La prima è, e continua ad essere, il sottofinanziamento generale della spesa sanitaria: anche il congiunto pubblico+privato vede l’Italia non solo sotto la media UE, ma con nessun paese dell’Europa a 12 (a parte i «semi-paradisi fiscali» Lussembugo e Irlanda) ad investire una quota inferiore in rapporto al PIL pro capite in sanità. Per capirci in Italia siamo al 9.2% mentre in Germania quasi al 13%, il che vuol dire – tenuto conto anche che i tedeschi hanno un PIL pro capite più alto degli italiani – una spesa a cranio quasi doppia di quella del Bel Paese. Comunque perfino Spagna, Portogallo, Slovenia e Repubblica Ceca fanno (molto) meglio che nella Penisola, per non parlare di Francia, Belgio, Paesi Bassi, Austria, Danimarca, Finlandia…
In questo contesto, c’è poi da dire, il «mezzuccio» di procrastinare all’infinito la questione salariale dei medici inizia a mostrare di brutto la corda. Infatti, persino un giornale generalmente miope e borghese come la Repubblica, nello scorso ottobre (1) faceva notare come i salari medi dei medici italiani, dopo i numerosi recenti pensionamenti – si veda il mio precedente articolo su Lavoro e Salute (Anno 39 n. 1 gennaio 2023) – sono scesi a ca. 77 mila €/anno lordi; questo a testimoniare anche come la classe medica italiana non sia stata scevra da quella odiosa prassi sindacale per la quale, a partire dai primi anni ’90, la generazione dei cosiddetti boomer (ossia i nati dal 1946 al ’64) ha barattato il mantenimento dei propri diritti (generalmente oggi descritti come «privilegi») con l’esclusione dai medesimi di chi è venuto dopo (generazioni X, Y…). Ma, indipendentemente da questo, forse molti lettori di questa rivista – per quanto, fidatevi, molto più attenti della media della popolazione generale – non sanno che i salari medi lordi dei medici nella para-fascista e semi-arretrata Ungheria di Orbán sono di 118 k€/anno o che in Germania i salari dei medici sono quasi due volte e mezza quelli italiani (188 k€/anno) – per capirci il salario medio lordo di un metalmeccanico tedesco è di poco meno del 50% più alto di uno italiano, la differenza nel settore medico viene moltiplicata per tre: improbabile che un fatto del genere possa venir tollerato per molto tempo.

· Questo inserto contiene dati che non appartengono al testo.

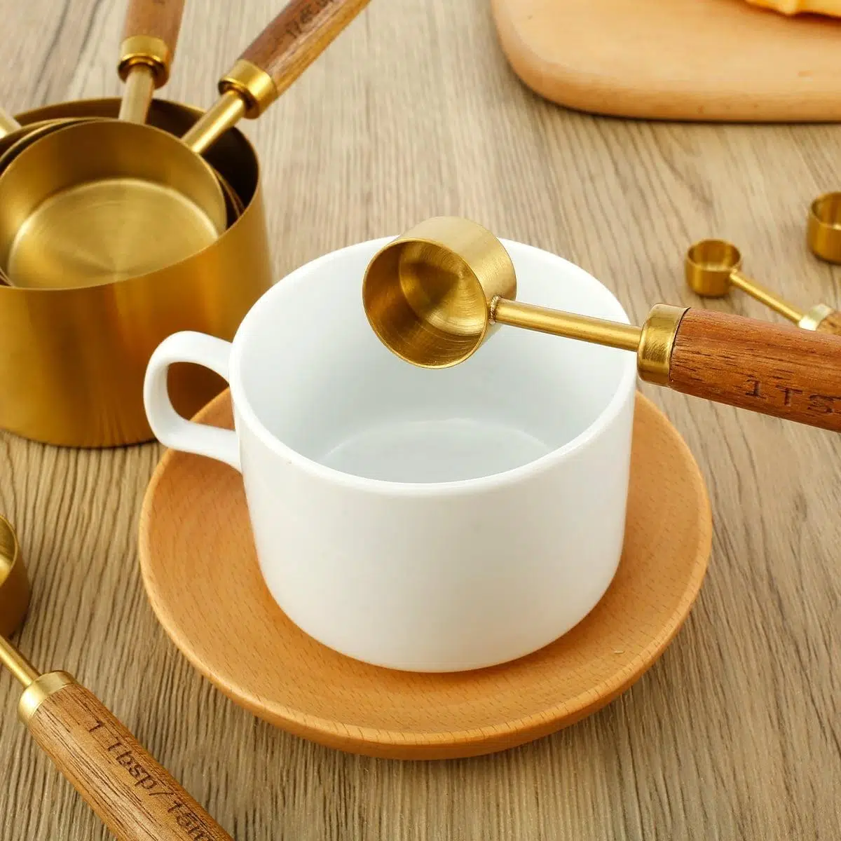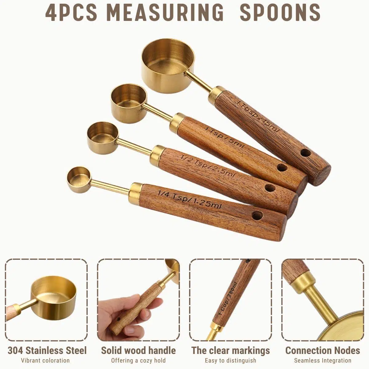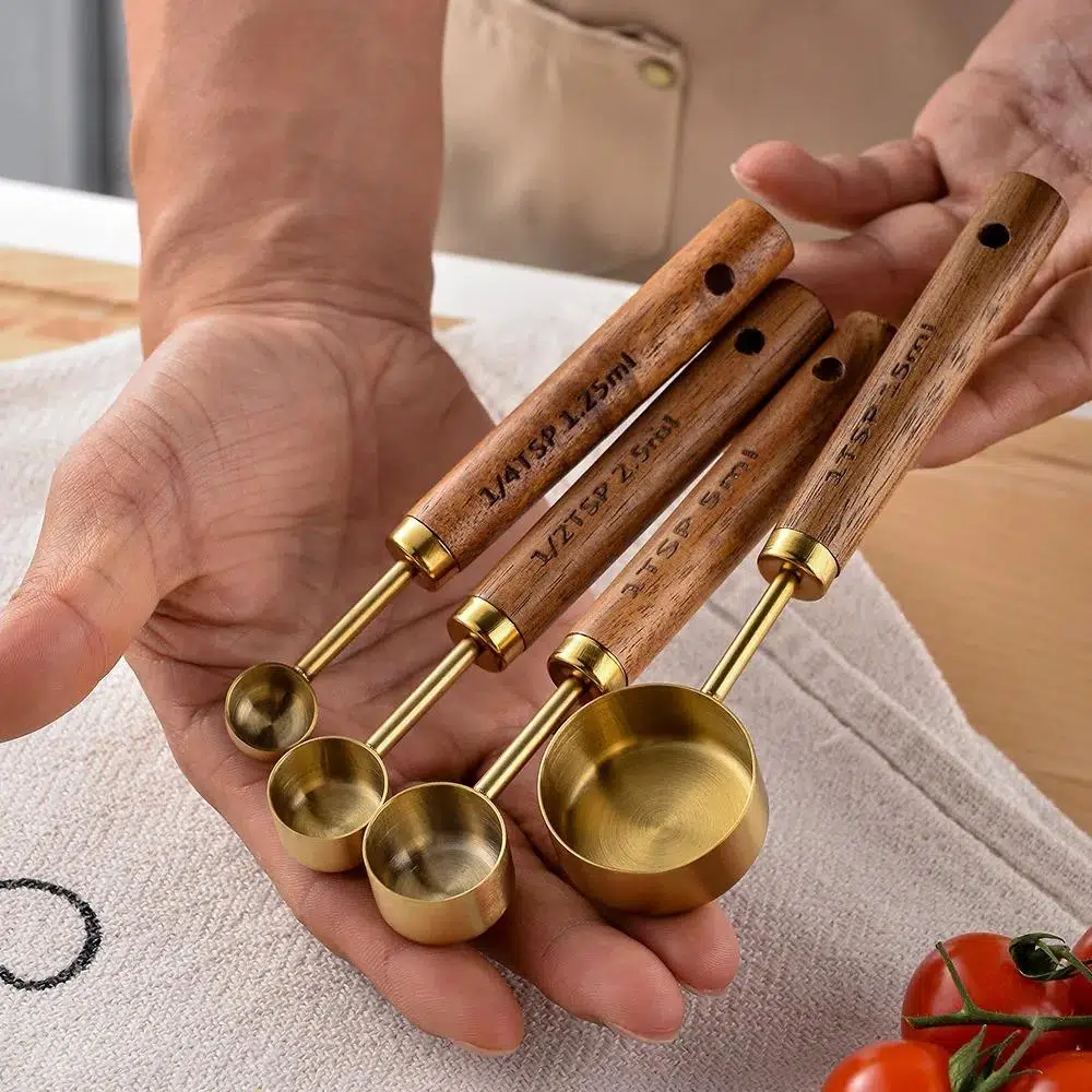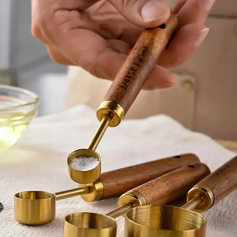 * KAYMAZ AHŞAP AKASYA SAP: Ölçüm bardak ve kaşık setinin sapı, kavrama rahat ve sağlam olan doğal ahşap malzemeden yapılmıştır; ve arayüz, sağlam ve güçlü olan altın ahşap kakma teknolojisini benimser.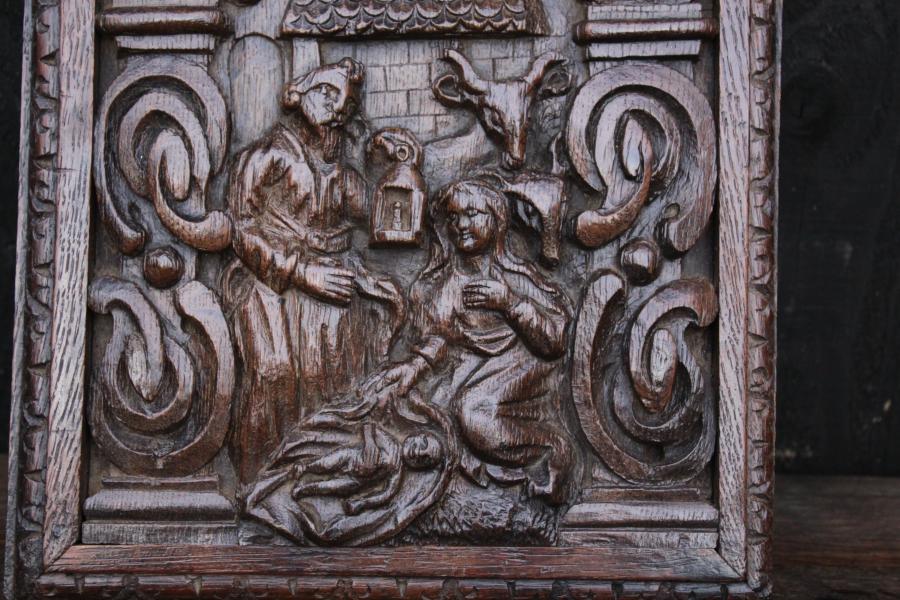 Flemish Nativity panel circa 1600, interesting Grotesque head amoungst the clouds , love the lantern.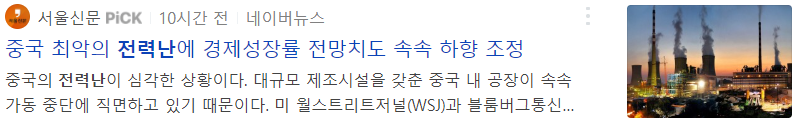 미국 블룸버그 통신은 "중국의 진짜 위기는 헝다 (부채위기를 맞은 부동산 개발기업)가 아니라 전력난' 이라는 발표를 주며 관심을 집중시키고 있습니다.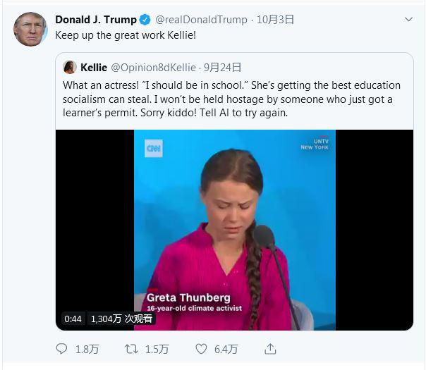 特朗普转发嘲讽瑞典环保少女评论:她就是个演员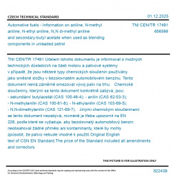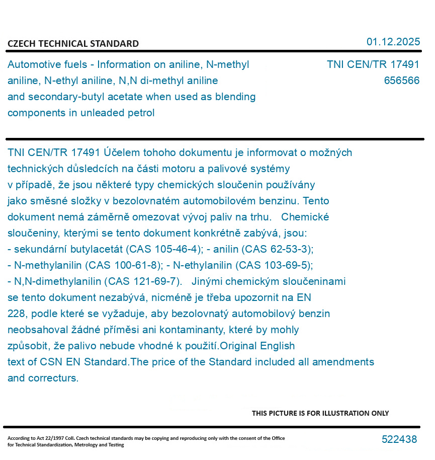 Účelem tohoho dokumentu je informovat o možných technických důsledcích na části motoru a palivové systémy v případě, že jsou některé typy chemických sloučenin používány jako směsné složky v bezolovnatém automobilovém benzinu. Tento dokument nemá záměrně omezovat vývoj paliv na trhu. Chemické sloučeniny, kterými se tento dokument konkrétně zabývá, jsou: - sekundární butylacetát (CAS 105-46-4); - anilin (CAS 62-53-3); - N-methylanilin (CAS 100-61-8); - N-ethylanilin (CAS 103-69-5); - N,N-dimethylanilin (CAS 121-69-7). Jinými chemickým sloučeninami se tento dokument nezabývá, nicméně je třeba upozornit na EN 228, podle které se vyžaduje, aby bezolovnatý automobilový benzin neobsahoval žádné příměsi ani kontaminanty, které by mohly způsobit, že palivo nebude vhodné k použití. Original English text of CSN EN Standard. The price of the Standard included all amendments and correcturs.
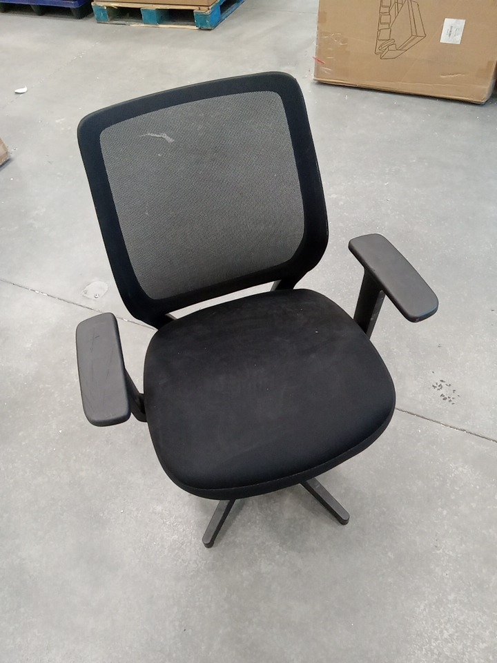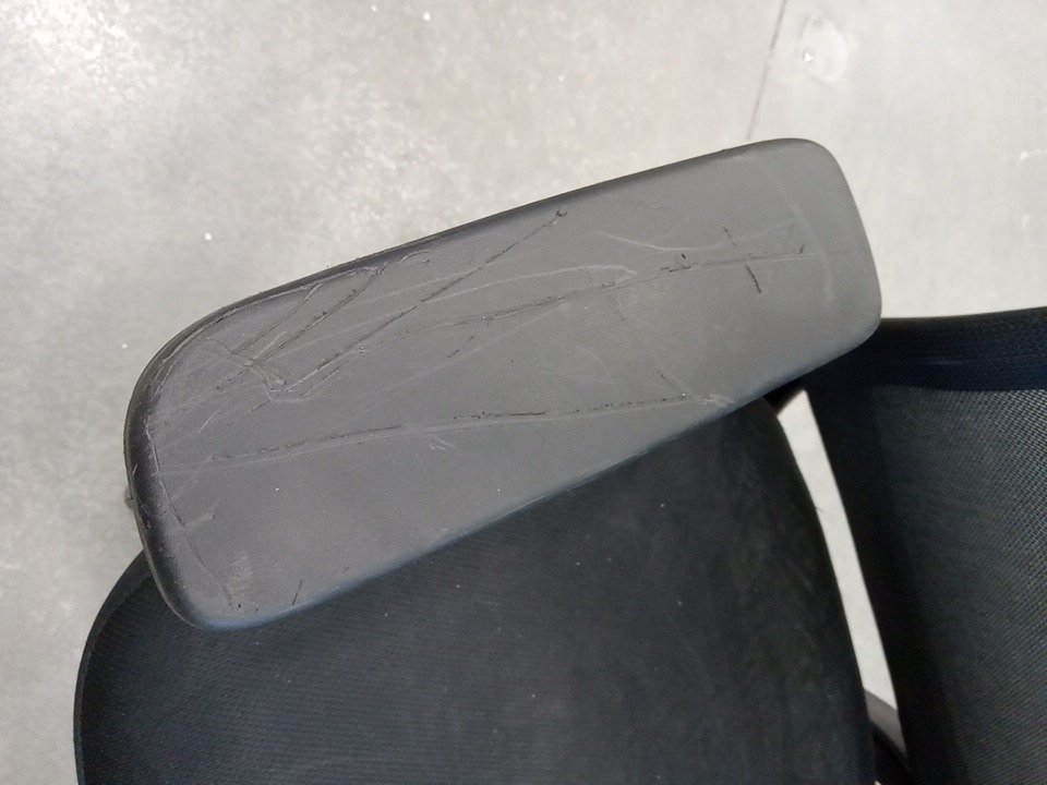 Chair is missing wheels, deep scratch mark in one arm (see photos). Dust on seat indicated previous use.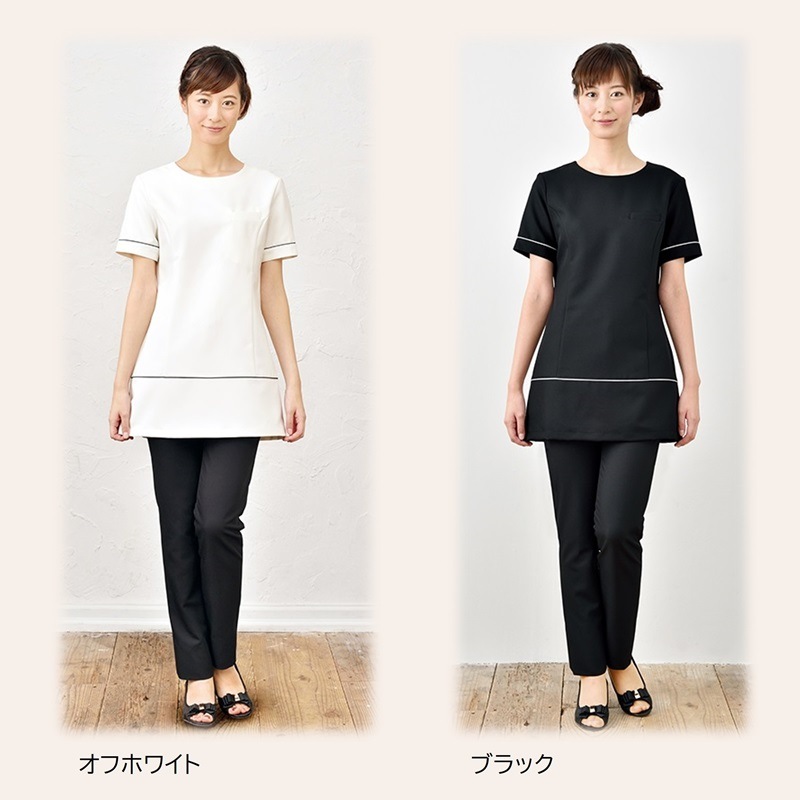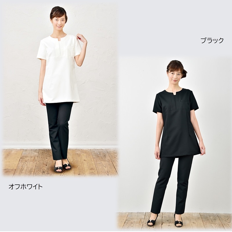 E-3114 ワンライン チュニック (2色 ブラック ライトベージュ) SHIROTA(シロタ)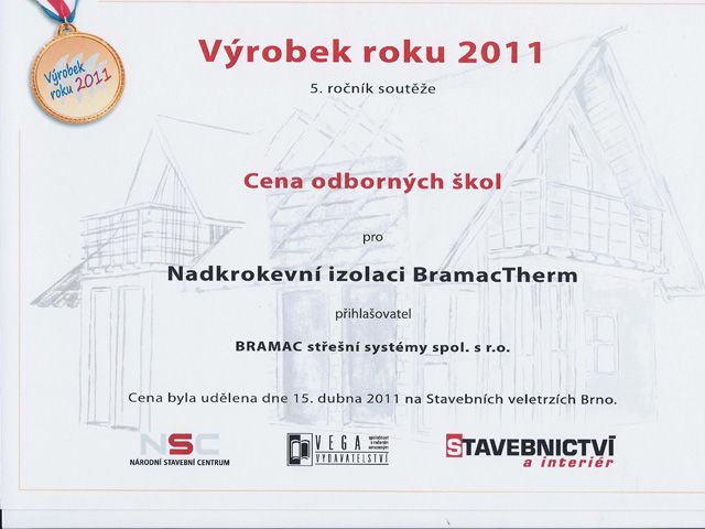 , zaměřené na stavební výrobky a technologie. Již 5. ročník uspořádalo Národní stavební centrum (NSC) a časopis Stavebnictví a interiér. Vedle tří hlavních a sedmi speciálních cen byla udělena Cena škol, Cena veřejnosti, Cena NSC a čestná uznání. Studenti a pedagogové ocenili novinku společnosti Bramac - systém nadkrokevní tepelné izolace BramacTherm.

Con l’internazionalizzazione degli studi universitari in genere e medici in particolare (per fare un esempio piuttosto comune, io nella mia formazione ho passato due lunghi periodi a Barcellona ed a Oxford) e con la molto maggiore propensione alla mobilità continentale della nuove generazioni (Y, Z…) trattenere i medici in un paese ad essi ostile o quasi diventa sempre più difficile. Anche le condizioni di lavoro medie sono in genere migliori nel resto d’Europa (e.g. la possibilità di avere tempo pagato fare ricerca anche in ambito extra-accademico, il minor sottorganico…). Ma la classe medica che sta andando in pensione in questi anni è in larga misura affetta da pesante provincialismo (pare che il 50% dei medici attualmente ultrasettantenni non abbia dimestichezza con lingue straniere e per un altro 30% l’unica parlata lingua diversa dall’italiano sia il francese) ed aveva ricevuto illo tempore una formazione di qualità spesso piuttosto modesta risalente ai tempi del “numero aperto a medicina” in cui erano stipate sino a mille persone per aula frequentando attivamente poco o nulla le corsie: ciò faceva in maniera che «il parco buoi» non potesse scappare indipendentemente dallo stato di chiusura o di apertura della porta della stalla, salvo rare eccezioni. Ora invece può. Un discorso, forse di gravità meno estrema ma tutt’altro che trascurabile, ma certamente analogo può essere fatto per diverse altre professioni sanitarie, fra cui soprattutto gli infermieri.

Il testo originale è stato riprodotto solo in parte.